[GIVEN DATA — start]

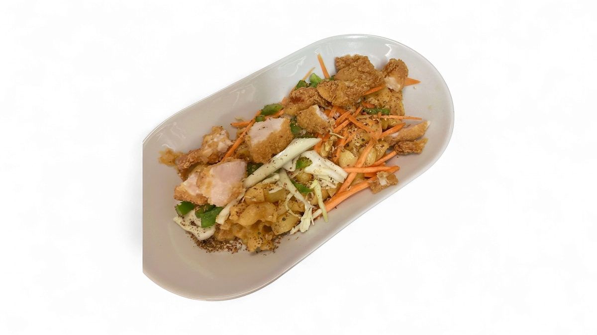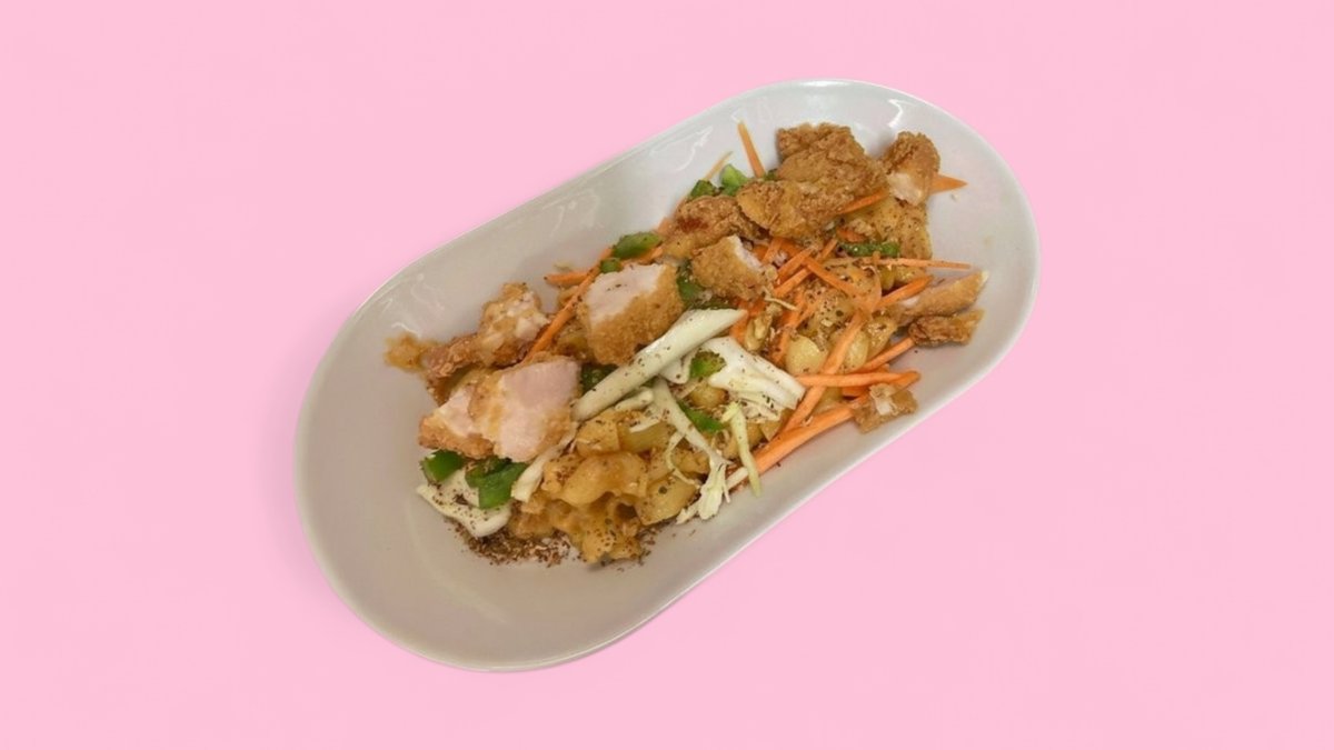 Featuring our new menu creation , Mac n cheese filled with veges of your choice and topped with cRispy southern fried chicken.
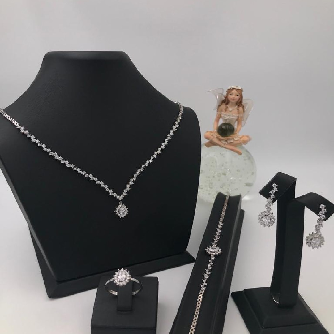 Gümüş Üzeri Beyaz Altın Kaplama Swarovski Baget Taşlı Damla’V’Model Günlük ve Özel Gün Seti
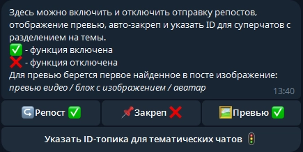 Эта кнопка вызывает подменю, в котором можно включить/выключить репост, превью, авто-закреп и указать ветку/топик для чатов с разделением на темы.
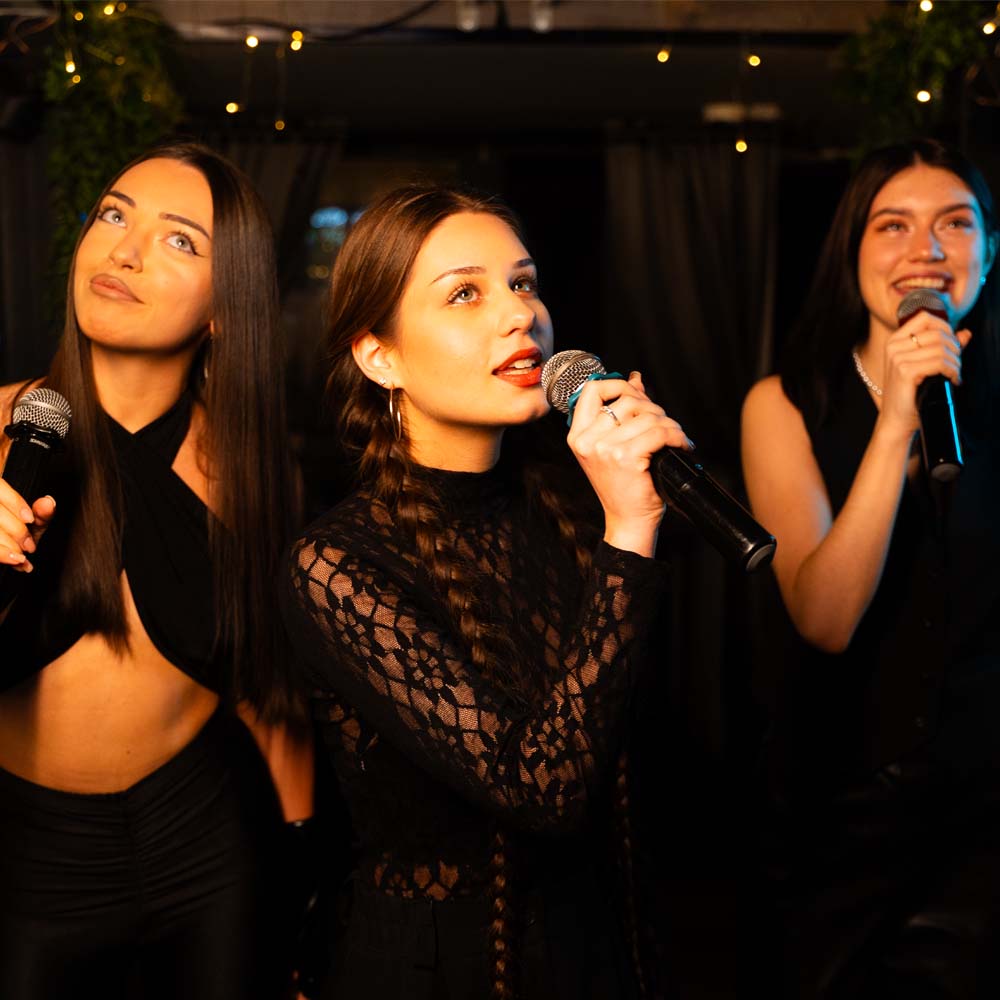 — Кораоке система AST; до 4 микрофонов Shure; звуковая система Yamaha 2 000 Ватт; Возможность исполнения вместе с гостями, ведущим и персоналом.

[GIVEN DATA — finish]

* [WHAT THE TASK REQUIRES] Only the lines from the line with "Gümüş Üzeri Beyaz" through the final line of the material belong in the answer, copied exactly and without pictures.

* [COMPLETED EXERCISE]
 Gümüş Üzeri Beyaz Altın Kaplama Swarovski Baget Taşlı Damla’V’Model Günlük ve Özel Gün Seti
 Эта кнопка вызывает подменю, в котором можно включить/выключить репост, превью, авто-закреп и указать ветку/топик для чатов с разделением на темы.
 — Кораоке система AST; до 4 микрофонов Shure; звуковая система Yamaha 2 000 Ватт; Возможность исполнения вместе с гостями, ведущим и персоналом.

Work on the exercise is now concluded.